An Interview with David Ungar, IBM Research
Dr. David Ungar (D.U.) answers the questions of Miha Ahronovitz (M.A.) . This interview is a continuation of the article Many Core processors: Everything You Know (about Parallel Programming) Is Wrong!
David is a professor of computing languages, a highly regarded IBM researcher, a jazz singer, an encyclopedic mind and one of the advocates for a new emphasis in computer science, which he describes below
Crista Videira Lopes, Associate Professor on Computer Science at University of California, Irvine introduced David at SPLASH 2011 as "The one and only Ungar".
M.A. In a 1996 paper you and Randy Smith wrote: "Subjectivity
is an inescapable aspect of two great natural systems: human language and the
physical world". How did this evolve into the many cores research?

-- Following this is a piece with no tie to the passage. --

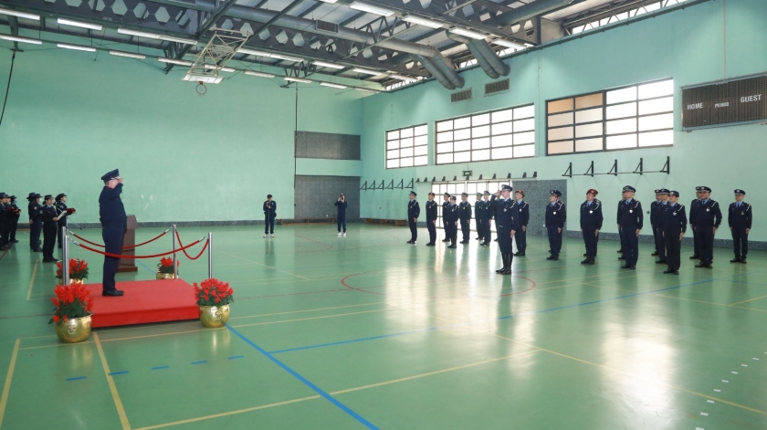 【本報消息】治安警察局周二上午在特警隊大樓舉行警長及副警長晉升儀式,儀式由局長吳錦華主持,副局長黃偉鴻、梁慶康、伍素萍及各部門主管出席儀式。儀式上,各位晉升的警長和副警長正式戴上新的肩章,標誌著晉升人員肩負起更多的職責。

D.U. Count Alfred Korzybski, wrote a book Science
and Sanity , published in 1933. He looked at the way people used language,
and looked at the modern science of his day. He realized that common language usage was grounded in
pre-science. Why not use language differently in order to think differently and discover
new things? Human knowledge of the world is limited both by the imperfection of
the human nervous system and by the structure of language.
I came across
Korzybski's ideas from a science fiction book of A. E. van Vogt, The Pawns of Null-A (also published as The Players of Null-A) in 1956. One of Korzybski's key points was our
nervous system constantly abstracts at every level.
We take a bunch of different things and we only look at their similarities, forgetting all the differences.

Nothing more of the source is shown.